Se o Congresso Nacional não aprovar tal lei - e, caso aprove, algum partido político ou cidadão não ingressar na Justiça Federal contra a quarentena e um magistrado conceder liminar suspendendo a vigência da nova lei - a solução será deixar os suspeitos de estarem portando o coronavírus, juntos e misturados, com a população.
Ou postergar a volta ao Brasil dos nacionais que estão na China. Sabemos que logo o presidente Bolsonaro será acusado de estar se negando a resgatar os brasileiros ou ser compelido por determinação judicial a efetuar o repatriamento.

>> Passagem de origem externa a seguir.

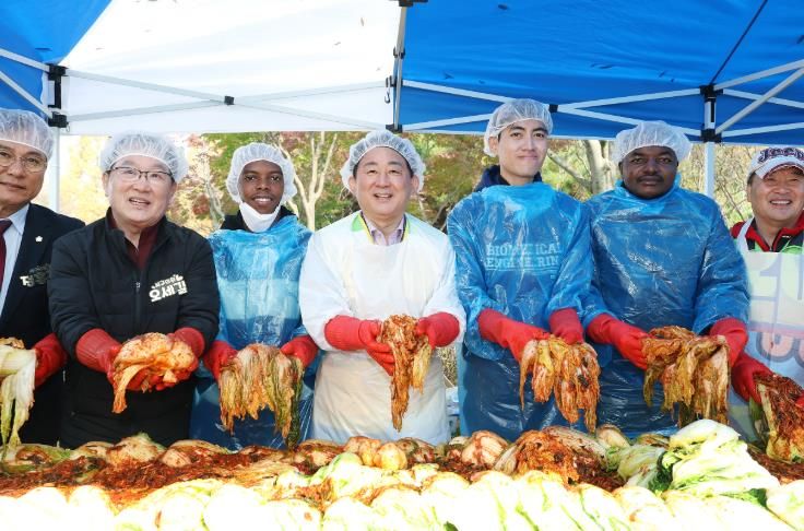㈜한국탑뉴스 차복원 기자 | 대전 서구는 6일 둔산동 샘머리공원에서 열린 서구 자원봉사센터 주최‘함께하는 기쁨, 사랑 가득 김장 나눔’ 행사에 배재대학교 유학생인 정부 초청 외국인 장학생 30명이 참여했다고 전했다.

O sempre presente deputado Rodrigo Maia, para variar e de acordo com sua postura de 'dono' dos votos do Congresso, já declarou achar ser possível aprovar a nova lei na próxima semana. Todos esquecem que a situação é de EMERGÊNCIA NACIONAL podendo provocar mortes de inocentes - o que justifica que 'constituição cidadã' seja esquecida em caso específico.]

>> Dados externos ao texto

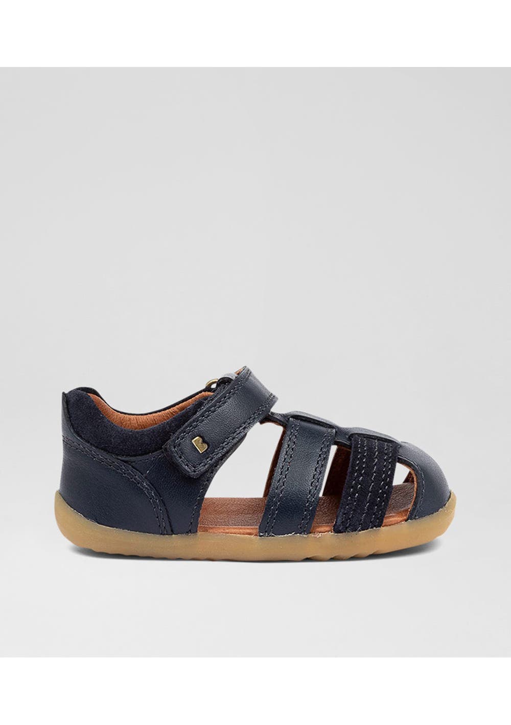 This classic summer sandal has a closed toe for added protection, while open sides provide airflow and breathability. The Roam sandal boasts an ankle strap fastening for a secure, adjustable fit and our signature brass icon rivets adds sophistication to any summer outfit. Vintage-look leather upper with wax finish Adjustable ankle strap fastening to suit average width feet Padded heel counter for comfort Flexible TPR sole for growing feet Suitable for first-walkers By caring for your Bobux they’ll stay looking better for longer. Find the best care product for this style here

Por ser pêndulo não só da economia mundial como do comércio
planetário e das bolsas de mercados, a China conseguiu que a OMS não
recomendasse a interrupção de voos internacionais ao país nem sugerisse a
viajantes estrangeiros que mudassem de planos. Tarde demais e pouco
demais, como disseram os cientistas. Uma a uma as grandes empresas
aéreas cancelaram seus voos à China continental, mantendo apenas o tênue
cordão umbilical com Hong Kong. Um a um, países vizinhos fecharam
fronteiras e colocaram sob quarentena passageiros vindos da província de
Hubei. Os Estados Unidos deram o passo maior, proibindo a entrada de
todo estrangeiro que tenha estado na China há pouco tempo. Cingapura
cancelou a emissão de vistos para chineses. Como denominador comum, quase todos priorizam a retirada de seus cidadãos confinados em Hunan. Dependendo do grau de competência de cada governo, dos seus recursos, empenho, e poder de barganha junto a Pequim, voos fretados da aviação civil ou aviões militares têm retirado levas mistas de funcionários públicos e cidadãos comuns. Alguns governos, como o da Austrália, que ainda aguarda autorização para retirar 600 compatriotas, decidiu que quem já tiver diagnóstico positivo confirmado será deixado onde está. Os demais serão internados na remota Ilha Christmas, de triste histórico no tratamento de refugiados. Repatriados de outras nações, como da vizinha Nova Zelândia, pagarão apenas uma ínfima taxa fixa para conseguir voltar para casa.
O Brasil, que pretende ascender ao clube dos grandes na OCDE (Organização para a Cooperação e o Desenvolvimento Econômico), não costuma apresentar-se como parte do mundo desvalido e pedir socorro à OMS. Talvez devesse. A começar pela linguagem do chefe da nação ao tratar de tema tão crucial para o momento.
“Nós não temos uma lei de quarentena. Ao trazer brasileiros para cá, coloca em quarentena, mas qualquer ação judicial manda a gente tirar. Se não estiver tudo redondinho no Brasil, não vamos buscar ninguém. Quem vier para cá tem que se submeter aos trâmites”, informa Jair Bolsonaro. “Custa caro um voo desses. Ali, se for fretar um voo é acima de 500 mil dólares o custo”. Poderia começar cancelando todos os voos em jatinhos da FAB para integrantes do governo.
E começar a cuidar da saúde da nação.